Fare la media delle emozioni a colpo d’occhio
I nostri sensi sono costantemente sommersi da informazioni disordinate. Piuttosto che pesare ogni dettaglio allo stesso modo, il cervello tende a comprimere gruppi di elementi simili in un rapido “riassunto”, come la dimensione media degli oggetti o il colore dominante in una scena. Questo lavoro si concentra sul fatto che calcoliamo anche un tono emotivo medio da molti volti contemporaneamente e se tendiamo a sottovalutare i volti che appaiono molto diversi dagli altri. Questa strategia, chiamata mediazione robusta, è come una versione mentale dell’ignorare gli outlier statistici in modo che un esempio estremo non distorca il giudizio complessivo.

Un nuovo test sull’emozione della folla
Per esaminare questo processo, oltre 200 giovani adulti hanno completato un compito informatizzato con serie di otto volti disposti in cerchio. Ogni volto è stato creato fondendo gradualmente espressioni molto arrabbiate e molto felici, producendo molti livelli intermedi di emozione. In ogni prova i partecipanti hanno visto brevemente una di queste serie di otto volti e poi hanno riportato se, in media, il gruppo sembrava più positivo o più negativo. I ricercatori hanno controllato con cura due aspetti di ciascuna serie: l’intensità emotiva complessiva (espressioni forti vs sottili) e la quantità di variazione tra i volti (simili vs molto misti). Successivamente, i partecipanti hanno compilato questionari sulle esperienze simili a quelle psicotiche — percezioni o credenze insolite che possono verificarsi anche in persone senza una diagnosi — oltre a misure di solitudine, supporto sociale percepito e soddisfazione nelle amicizie.
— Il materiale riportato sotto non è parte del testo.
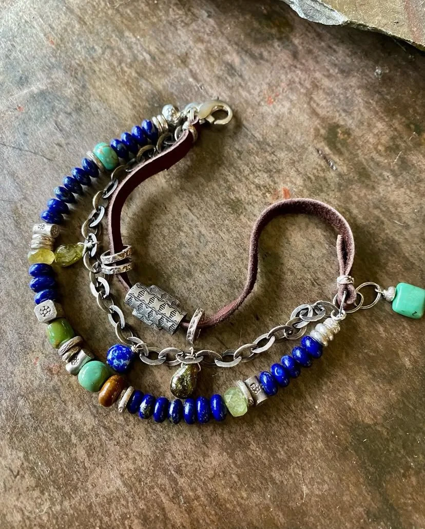 Triple strand bracelet in lapis, turquoise, jasper, green garnets, sterling silver, leather $225

Quando ignoriamo il volto fuori posto
Oltre alla semplice accuratezza, la domanda chiave era quanto ogni singolo volto contribuisse alla decisione finale. Utilizzando modelli statistici dettagliati, gli autori hanno stimato il “peso decisionale” di ogni volto in ciascuna serie, dal più negativo al più positivo. In entrambe le analisi è emerso un modello chiaro: i volti vicini all’emozione media del gruppo avevano l’influenza più forte sulle scelte, mentre i “fuori posto” molto positivi o molto negativi contavano di meno. Crucialmente, questa mediazione robusta appariva solo quando la serie era altamente varia — quando alcuni volti erano molto più felici o arrabbiati degli altri. Quando tutti i volti erano simili, i partecipanti li trattavano in modo più uniforme. In altre parole, le persone svalutavano selettivamente gli outlier proprio nelle situazioni rumorose in cui questi sarebbero stati più fuorvianti.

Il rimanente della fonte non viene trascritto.